Being ready to take action on what they hear is by far the most important part of the listening process for e-retailers, says Bruce Temkin, who consults with companies about how they can incorporate customer feedback into their business processes and is managing partner of The Temkin Group. 93% of senior marketers say they will use some form of user-generated content to inform their product and service decisions this year, according to a social marketing survey of 175 marketing executives conducted by Bazaarvoice. "This is not about trying to listen for the sake of listening," Temkin says. "It's what you do with that information to make things better." He says e-retailers tend to be more effective at making and testing changes based on what they hear than bricks-and-mortar retailers because they are more accustomed to applying web analytics and because online is a simpler distribution channel. For instance, changing the images on a web page is easier than moving appliances around a physical store.

E-retailers say consumers often are surprised when retailers reach out and take action. "Consumers will vent about a delivery issue on Twitter or somewhere where they don't realize we're listening to them. I'll tweet back and they are blown away that we're listening," Peapod's Merzbacher says.

In one instance, Peapod saw consumers complaining on Facebook about its use of plastic bags. Merzbacher says she was able to join the conversation and provide information about why Peapod uses plastic bags. "We were able to provide information customers weren't aware of and give them an honest answer. It turned a potential negative into a more positive situation," she says.

In another example, when a Peapod delivery truck got stuck in the snow on a residential street in Queens, N.Y., during a blizzard, an angry resident vented about it on Facebook. Peapod's listening tools picked up on it and Merzbacher convinced Peapod employees to go dig it out overnight. The e-retailer then posted an update about the freed truck on Facebook.
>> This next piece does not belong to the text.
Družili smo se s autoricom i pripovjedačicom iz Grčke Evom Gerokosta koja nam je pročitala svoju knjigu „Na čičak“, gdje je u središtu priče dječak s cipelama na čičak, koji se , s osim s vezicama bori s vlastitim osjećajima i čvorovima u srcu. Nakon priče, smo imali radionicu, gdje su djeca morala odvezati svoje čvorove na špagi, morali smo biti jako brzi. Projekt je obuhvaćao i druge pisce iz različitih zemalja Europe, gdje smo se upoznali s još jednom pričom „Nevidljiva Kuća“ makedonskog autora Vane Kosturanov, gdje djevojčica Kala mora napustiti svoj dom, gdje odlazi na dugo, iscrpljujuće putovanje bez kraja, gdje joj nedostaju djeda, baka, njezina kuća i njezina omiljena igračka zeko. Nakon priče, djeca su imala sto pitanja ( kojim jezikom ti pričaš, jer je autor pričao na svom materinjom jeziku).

When the resident continued to rant about it, Peapod's fans joined the fray and told him to knock it off. "If you are reasonable, people see that and appreciate that," Merzbacher says. "They'll rise to your defense."

Listen at home

Deitzel says his best listening tool is Rubbermaid.com's product ratings and review function because customers use it to directly tell the company what they like or dislike about its products. "We get a significant volume of reviews and every single one is read, and they are always specific to our product," he says.
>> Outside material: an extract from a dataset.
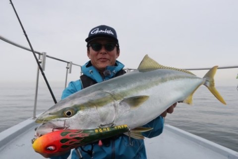 でも風が7.8.9m吹いてて1.5ノット前後は流れる上に波高50センチから1mのいわゆるババ荒れ状態。でも船が大きいから揺れ等は全然楽勝でした。フルキャストせずに、40m前後までに落として至近距離で、丁寧に丁寧に一回一回入力を入れて行きました。

Rubbermaid.com uses product rating and review vendor Bazaarvoice for on-site reviews and in December began syndicating its reviews so that other e-retailers that sell Rubbermaid products also display them. Rubbermaid's Bazaarvoice listening platform alerts the manufacturer when a review is posted on another site so it can see and respond to it as needed. For example, if a Walmart.com customer posts a question about a Rubbermaid product on Walmart.com, the platform funnels it to Rubbermaid so the manufacturer can answer it. The response appears next to the question on Walmart.com.

Rubbermaid takes action on the information it culls from ratings and reviews all the time, Deitzel says. Product managers and the research and development department get weekly reports of the reviews or questions posted online. Deitzel says a string of poor reviews, for example, informed the company of a manufacturing issue for a particular product, which it then fixed.

When consumers posted questions because they were confused about how to assemble a product, Rubbermaid changed the assembly instructions packaged with the product. When several consumers posted questions about the materials used in a product, Rubbermaid.com made sure to provide more information about materials on product pages. "Almost every single review we read, there's something in there that we've learned," he says.

At Peapod, Merzbacher says the feedback consumers provide online helps inform how Peapod markets itself. She says listening platforms tune Peapod into the conversations about its brand and give the e-retailer a better sense of its customers and how they view Peapod. "The way people describe what we do for them," she says, "is better than anything I could come up with on my own."